■ Required work
Copy all the data exactly, except the pictures.

#### Source records

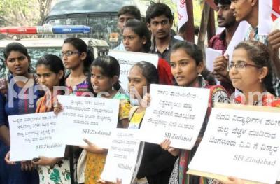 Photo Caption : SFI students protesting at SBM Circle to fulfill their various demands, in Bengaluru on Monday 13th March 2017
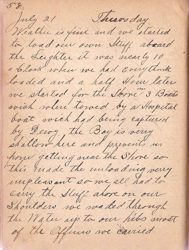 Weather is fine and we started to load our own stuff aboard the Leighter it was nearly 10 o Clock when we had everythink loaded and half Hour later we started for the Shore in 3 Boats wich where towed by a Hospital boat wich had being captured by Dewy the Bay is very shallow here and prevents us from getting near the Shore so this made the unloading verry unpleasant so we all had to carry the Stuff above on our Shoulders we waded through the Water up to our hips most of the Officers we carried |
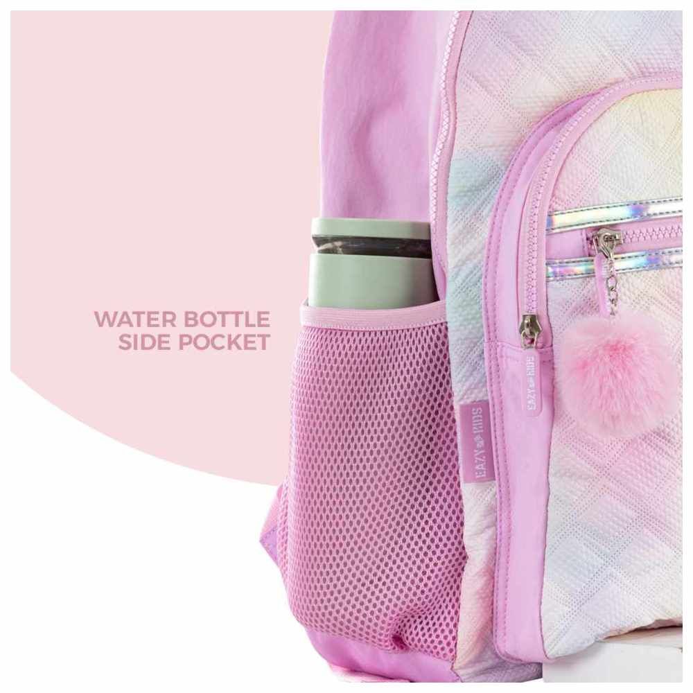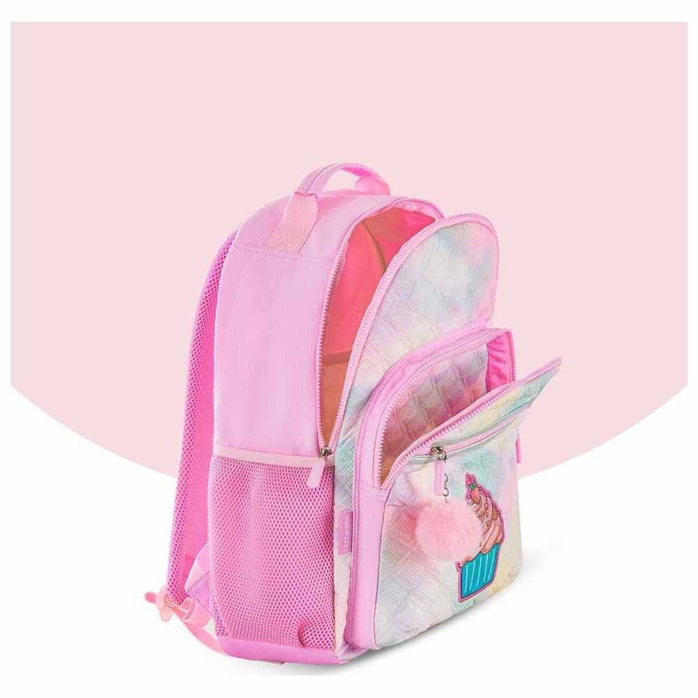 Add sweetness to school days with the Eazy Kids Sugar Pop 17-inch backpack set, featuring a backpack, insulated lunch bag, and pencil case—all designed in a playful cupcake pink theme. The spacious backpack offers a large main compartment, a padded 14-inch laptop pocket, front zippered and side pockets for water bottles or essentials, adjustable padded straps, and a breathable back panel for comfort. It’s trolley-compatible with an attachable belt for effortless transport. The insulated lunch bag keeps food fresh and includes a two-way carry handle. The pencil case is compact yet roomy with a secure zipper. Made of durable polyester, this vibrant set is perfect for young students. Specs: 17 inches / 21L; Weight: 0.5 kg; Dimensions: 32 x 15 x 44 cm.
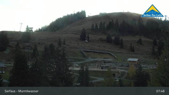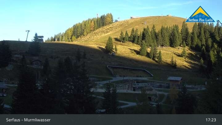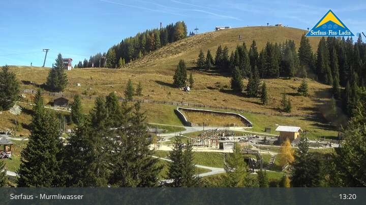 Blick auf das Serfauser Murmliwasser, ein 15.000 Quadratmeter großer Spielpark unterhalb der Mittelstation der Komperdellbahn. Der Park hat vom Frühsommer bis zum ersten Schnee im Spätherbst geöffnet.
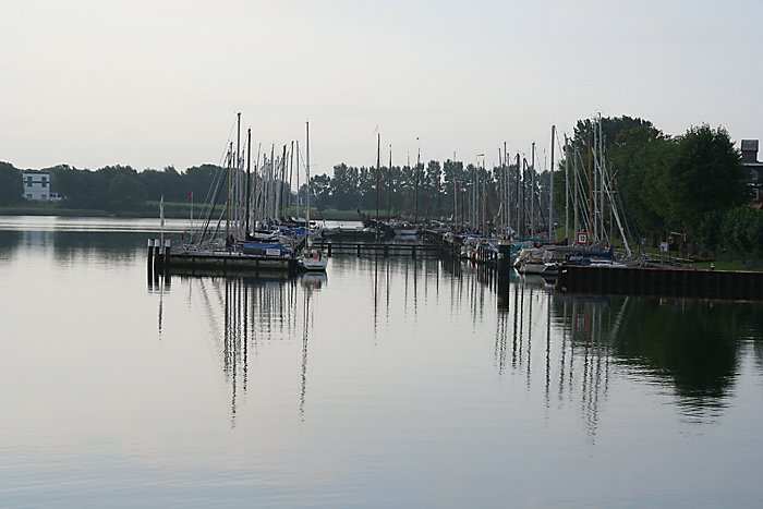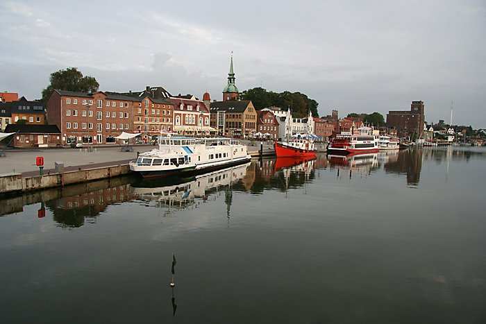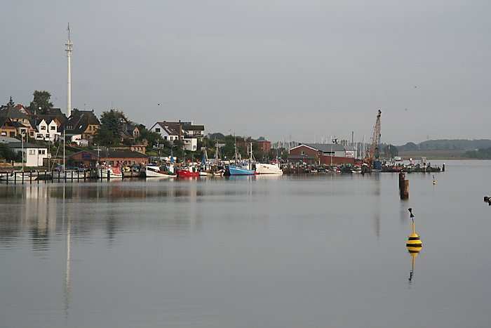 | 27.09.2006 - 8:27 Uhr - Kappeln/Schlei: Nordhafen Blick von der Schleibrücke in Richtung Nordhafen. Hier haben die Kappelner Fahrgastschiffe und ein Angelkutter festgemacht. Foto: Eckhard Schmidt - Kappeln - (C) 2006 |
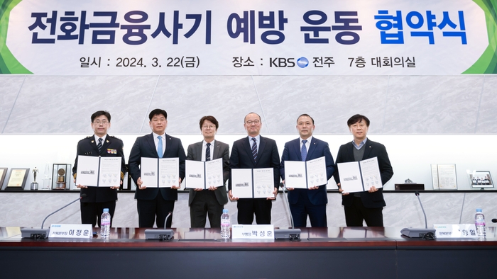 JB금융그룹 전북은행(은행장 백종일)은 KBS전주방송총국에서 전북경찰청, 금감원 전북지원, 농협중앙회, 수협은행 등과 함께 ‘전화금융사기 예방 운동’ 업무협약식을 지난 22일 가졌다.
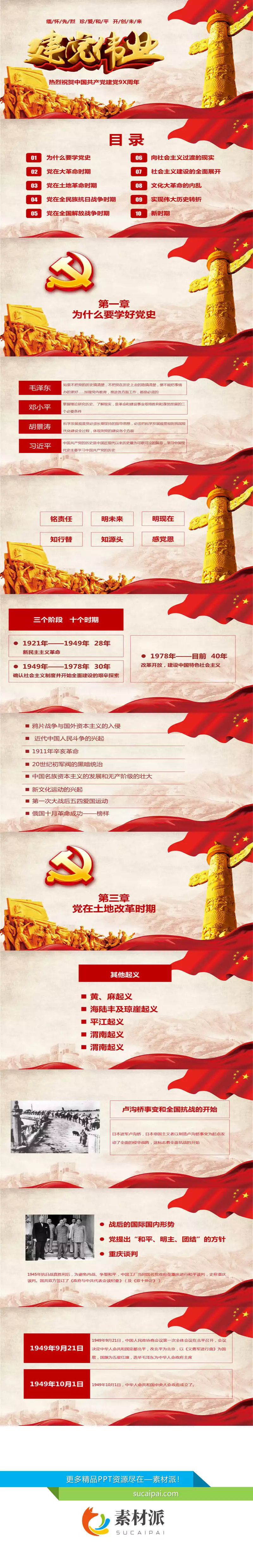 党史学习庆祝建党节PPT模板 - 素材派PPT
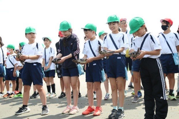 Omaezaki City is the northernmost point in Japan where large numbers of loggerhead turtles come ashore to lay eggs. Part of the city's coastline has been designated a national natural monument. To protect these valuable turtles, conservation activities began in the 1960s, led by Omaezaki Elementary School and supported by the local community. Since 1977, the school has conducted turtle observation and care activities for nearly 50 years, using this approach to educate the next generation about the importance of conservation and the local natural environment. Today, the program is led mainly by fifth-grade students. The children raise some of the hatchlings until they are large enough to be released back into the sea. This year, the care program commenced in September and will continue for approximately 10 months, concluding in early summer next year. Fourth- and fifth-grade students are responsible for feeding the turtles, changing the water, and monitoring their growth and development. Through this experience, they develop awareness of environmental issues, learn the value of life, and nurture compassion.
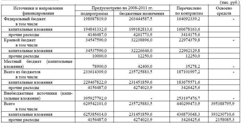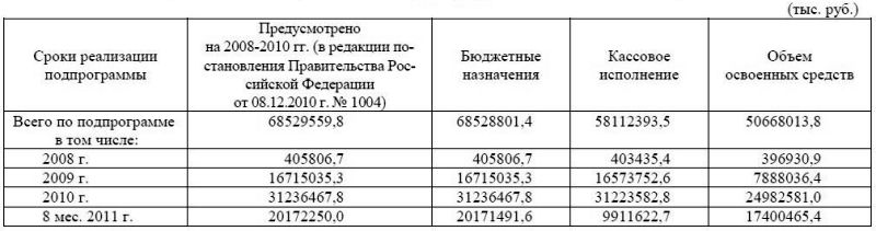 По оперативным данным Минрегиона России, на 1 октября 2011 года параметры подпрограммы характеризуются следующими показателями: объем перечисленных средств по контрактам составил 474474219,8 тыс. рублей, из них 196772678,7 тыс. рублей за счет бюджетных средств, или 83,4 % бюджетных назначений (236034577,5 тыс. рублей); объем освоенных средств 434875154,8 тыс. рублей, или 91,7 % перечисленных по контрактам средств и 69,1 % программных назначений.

########

■ Finished task
 Photo Caption : SFI students protesting at SBM Circle to fulfill their various demands, in Bengaluru on Monday 13th March 2017
 Weather is fine and we started to load our own stuff aboard the Leighter it was nearly 10 o Clock when we had everythink loaded and half Hour later we started for the Shore in 3 Boats wich where towed by a Hospital boat wich had being captured by Dewy the Bay is very shallow here and prevents us from getting near the Shore so this made the unloading verry unpleasant so we all had to carry the Stuff above on our Shoulders we waded through the Water up to our hips most of the Officers we carried |
 Add sweetness to school days with the Eazy Kids Sugar Pop 17-inch backpack set, featuring a backpack, insulated lunch bag, and pencil case—all designed in a playful cupcake pink theme. The spacious backpack offers a large main compartment, a padded 14-inch laptop pocket, front zippered and side pockets for water bottles or essentials, adjustable padded straps, and a breathable back panel for comfort. It’s trolley-compatible with an attachable belt for effortless transport. The insulated lunch bag keeps food fresh and includes a two-way carry handle. The pencil case is compact yet roomy with a secure zipper. Made of durable polyester, this vibrant set is perfect for young students. Specs: 17 inches / 21L; Weight: 0.5 kg; Dimensions: 32 x 15 x 44 cm.
 Blick auf das Serfauser Murmliwasser, ein 15.000 Quadratmeter großer Spielpark unterhalb der Mittelstation der Komperdellbahn. Der Park hat vom Frühsommer bis zum ersten Schnee im Spätherbst geöffnet.
 | 27.09.2006 - 8:27 Uhr - Kappeln/Schlei: Nordhafen Blick von der Schleibrücke in Richtung Nordhafen. Hier haben die Kappelner Fahrgastschiffe und ein Angelkutter festgemacht. Foto: Eckhard Schmidt - Kappeln - (C) 2006 |
 JB금융그룹 전북은행(은행장 백종일)은 KBS전주방송총국에서 전북경찰청, 금감원 전북지원, 농협중앙회, 수협은행 등과 함께 ‘전화금융사기 예방 운동’ 업무협약식을 지난 22일 가졌다.
 党史学习庆祝建党节PPT模板 - 素材派PPT
 Omaezaki City is the northernmost point in Japan where large numbers of loggerhead turtles come ashore to lay eggs. Part of the city's coastline has been designated a national natural monument. To protect these valuable turtles, conservation activities began in the 1960s, led by Omaezaki Elementary School and supported by the local community. Since 1977, the school has conducted turtle observation and care activities for nearly 50 years, using this approach to educate the next generation about the importance of conservation and the local natural environment. Today, the program is led mainly by fifth-grade students. The children raise some of the hatchlings until they are large enough to be released back into the sea. This year, the care program commenced in September and will continue for approximately 10 months, concluding in early summer next year. Fourth- and fifth-grade students are responsible for feeding the turtles, changing the water, and monitoring their growth and development. Through this experience, they develop awareness of environmental issues, learn the value of life, and nurture compassion.
 По оперативным данным Минрегиона России, на 1 октября 2011 года параметры подпрограммы характеризуются следующими показателями: объем перечисленных средств по контрактам составил 474474219,8 тыс. рублей, из них 196772678,7 тыс. рублей за счет бюджетных средств, или 83,4 % бюджетных назначений (236034577,5 тыс. рублей); объем освоенных средств 434875154,8 тыс. рублей, или 91,7 % перечисленных по контрактам средств и 69,1 % программных назначений.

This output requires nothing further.